Chromosome abnormalities in human epithelial ovarian malignancies

• Published in: Gynecologic oncology Vol. 38; no. 3; pp. 473 - 477
• Main Authors: Gallion, H.H., Powell, D.E., Smith, L.W., Morrow, J.K., Martin, A.W., van Nagell, J.R., Donaldson, E.S.
• Format: Journal Article Conference Proceeding
• Language: English
• Published: San Diego, CA Elsevier Inc 01.09.1990; Elsevier
• Subjects: Adult; Aged; Aged, 80 and over; Biological and medical sciences; Blotting, Southern; Chromosome Aberrations; Chromosomes, Human, Pair 1; Chromosomes, Human, Pair 11; Chromosomes, Human, Pair 3; Chromosomes, Human, Pair 7; ErbB Receptors; Female; Female genital diseases; Genes, ras - genetics; Gynecology. Andrology. Obstetrics; Humans; Insulin-Like Growth Factor II - genetics; Karyotyping; Medical sciences; Middle Aged; Multigene Family; Ovarian Neoplasms - genetics; Protein-Tyrosine Kinases - genetics; Proto-Oncogene Proteins - genetics; Proto-Oncogene Proteins c-ets; Transcription Factors; Tumors
• ISSN: 0090-8258; 1095-6859
• DOI: 10.1016/0090-8258(90)90094-2

Karyotypic analysis of tumor specimens from 29 patients with untreated epithelial ovarian carcinoma was performed at the University of Kentucky Medical Center. Twenty-three of the twenty-nine tumors had adequate cells for analysis. Seventeen of these tumors exhibited chromosome abnormalities. Chromosome alterations were complex, with an average of seven different abnormal chromosomal patterns per tumor (range 2–14). Chromosomes 1 and 11 were the most commonly involved, being abnormal in 89 and 83% of tumors, respectively.

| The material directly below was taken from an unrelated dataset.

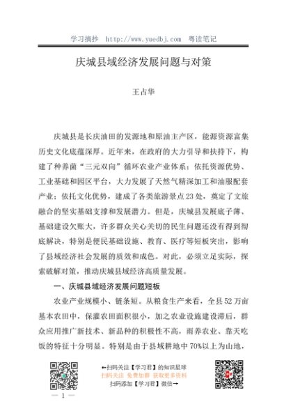 / 调研报告:20240530庆城县域经济发展问题与对策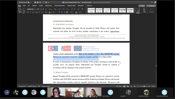 Go Zero Projesi’nin açılış toplantısı tüm ortak kurumların katılımı ile 24 Mart 2021 tarihinde çevrim içi olarak gerçekleştirildi. Toplantıda proje faaliyetleri gözden geçirildi. Projenin ilk ürünü olan “Atık Yönetimi Müfredat Çerçevesi” ve “Karşılaştırmalı Rapor”  için çalışma planı sunuldu ve lider ortak tarafından yönlendirme ve bilgilendirme yapıldı.    Projenin bir sonraki aşamasında ortak ülkelerdeki atık yönetimi uygulamaları hakkında araştırma yapılıp sektörden işveren ve çalışanlarla odak grup toplantıları gerçekleştirilecektir.

Chromosomes 3 and 7 were also frequently abnormal. In contrast to invasive tumors, alterations in chromosomes 1 and 11 were not seen in the two tumors of borderline malignant potential. Evidence for DNA amplification of IGF2, Ha- ras-1, and c- ets was not observed. Amplification of the c- erbB-2 oncogene was present in two tumors. These findings indicate that multiple karyotypic abnormalities occur in untreated epithelial ovarian malignancies, with chromosomes 1 and 11 being the most frequently abnormal. These data also suggest that alterations of these chromosomes may be associated with the biologically aggressive behavior of frankly invasive ovarian tumors.